Exercise requirements
What is needed is an exact repetition of the lines from the first one in the data through the line with "XP510i Мобильный звуковой", with no pictures.

Data below

────────

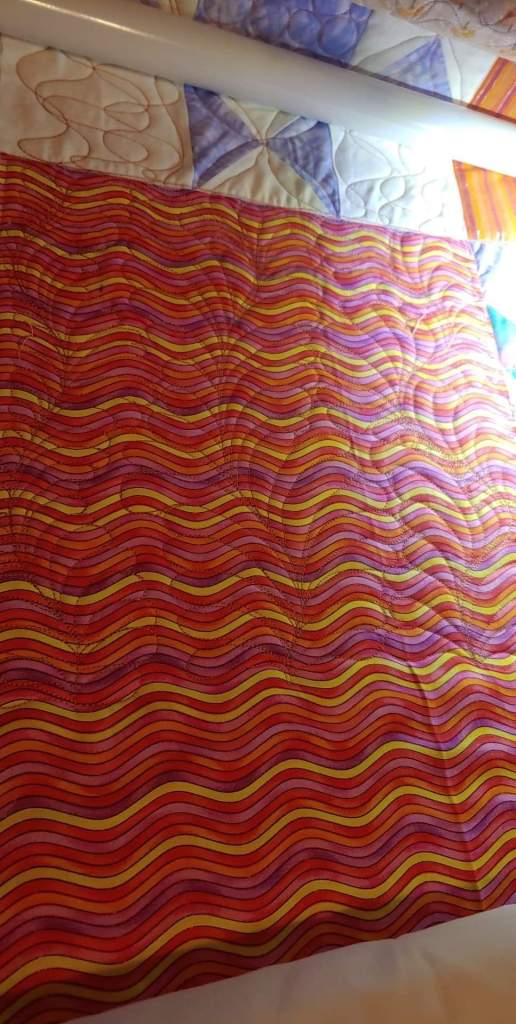 So this image above is some of the quilting that I shared with some friends. This is not my best work. It’s not intended to be my best work as I’m learning. I’m learning. I said something to my friends that I wouldn’t allow my students to say. You see, I’m working six inches away from the quilt. I haven’t had the time to put a lot of hours into the quilting. I know there will be milestones. Right now there’s the whole “she’s not working up to capacity” running through my head.
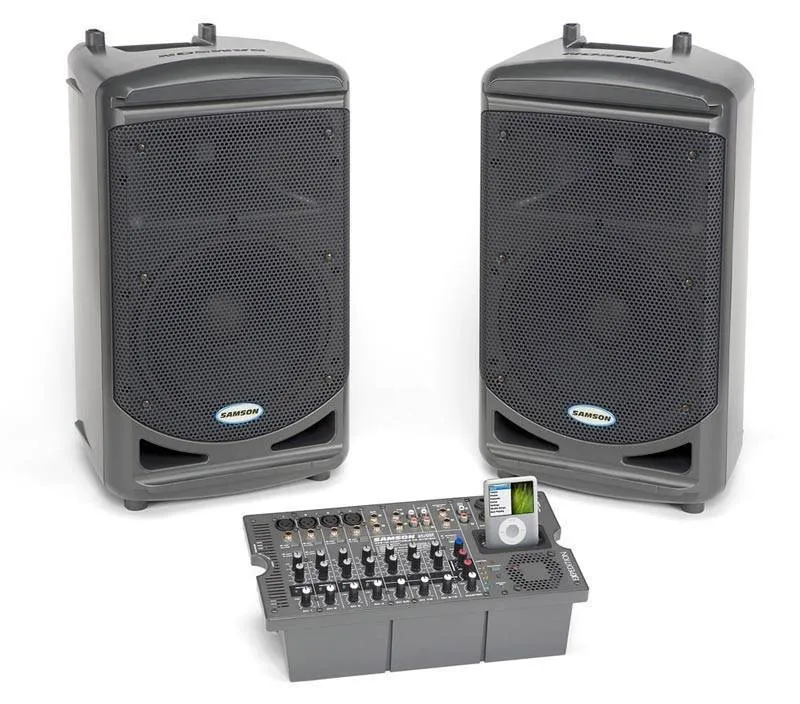 XP510i Мобильный звуковой комплект: 2 акустич. сист 2х250 Вт (10"НЧ+1"ВЧ) 90°х60°, встр. 10-ти канальн. микшер-усил-ль 500 Вт с процессором эффектов 24-bit, док-станция для iPod, Кабели. SAMSON
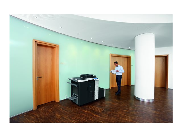Produktbeskrivelse Konica Minolta bizhub 554e - multifunktionsprinter - S/H Enhedstype Multifunktionsprinter Udskrivningsteknologi Laser (monokrom) Månedlig driftscyklus (maks.) 150000 sider Anbefalet månedlig volumen 30000 sider Maksimal kopieringshastighed Op til 55 spm Maksimal kopieringsopløsning Op til 600 x 600 dpi Maksimal udskrivningshastighed Op til 55 spm Maksimal udskrivningsopløsning Op til 1800 x 600 dpi Scanning 600 x 600 dpi Billedskærm 9" Originalstørrelse A5 (148 x 210 mm) (minimum) - A3 (297 x 420 mm) (maks.) Originaltype Ark Dokumentføder kapacitet 100 ark Mediestørrelse A6 (105 x 148 mm) (minimum) - SRA3 (320 x 450 mm) (maks.) Medietype Almindeligt papir Standard mediekapacitet 1150 ark Maksimal mediekapacitet 6650 ark Bypass-feeder kapacitet 150 ark Udbakkekapacitet 250 ark Automatisk duplikering Ja (kopiering) Ja (udskriver) Forbindelse tilgængelig Ja Interface USB 2.0, Gigabit LAN, USB 2.0 vært AirPrint-aktiveret Ja Kontormaskineegenskaber Scan til e-mail, scan til FTP, scan til SMB, scan til hukommelseskort Effekt AC 230 V (50/60Hz) Dimensioner (B x D x H) 61.5 cm x 68.5 cm x 92.1 cm Vægt 93 kg -

────────

Completed exercise
 So this image above is some of the quilting that I shared with some friends. This is not my best work. It’s not intended to be my best work as I’m learning. I’m learning. I said something to my friends that I wouldn’t allow my students to say. You see, I’m working six inches away from the quilt. I haven’t had the time to put a lot of hours into the quilting. I know there will be milestones. Right now there’s the whole “she’s not working up to capacity” running through my head.
 XP510i Мобильный звуковой комплект: 2 акустич. сист 2х250 Вт (10"НЧ+1"ВЧ) 90°х60°, встр. 10-ти канальн. микшер-усил-ль 500 Вт с процессором эффектов 24-bit, док-станция для iPod, Кабели. SAMSON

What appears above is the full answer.